It’s hard to believe it’s been seven years since the Veteran’s Treatment Court took on the oftentimes daunting task of giving veterans, who have found themselves caught up in the legal system, a chance to redeem themselves.
The court put things on a temporary hold Wednesday to celebrate its seventh anniversary, the last six under the watchful eye of Chief District Court Judge Jacquelyn Lee.
“As I think about the court, the best way to describe it is agony and ecstasy,” Lee said as the anniversary celebration began. “The agony of losing veterans to their demons and the ecstasy of seeing them obtain achievements which have only been dreams before their being in court.”
Part of the process is an annual graduation ceremony for those who successfully complete the program. This year was no exception as two more veterans, both former soldiers, earned the recognition for their ability to fight off their own demons and earn their own forms of ecstasy.
Duke Radford and Stephen Doust were the two graduates at Wednesday’s ceremony.
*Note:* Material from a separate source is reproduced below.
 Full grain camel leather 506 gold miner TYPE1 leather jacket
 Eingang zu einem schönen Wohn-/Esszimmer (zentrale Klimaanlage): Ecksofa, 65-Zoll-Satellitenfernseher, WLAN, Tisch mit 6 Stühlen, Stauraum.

Both offered their thanks to the court and expressed gratitude for being given a second chance to turn their lives in a new direction.
“Since entering this program, I’ve gone through a lot of different changes, a lot of challenges and a lot of obstacles,” Doust said. “I’m really appreciative of the court for sticking with me through all my transitions, all the changes I needed to make. It really has taken a lot to get to this point in time.”
Lee said the impact on the lives of the veterans who take part in the program is almost immeasurable. Some have been at first hesitant before realizing the success awaiting them beyond the program.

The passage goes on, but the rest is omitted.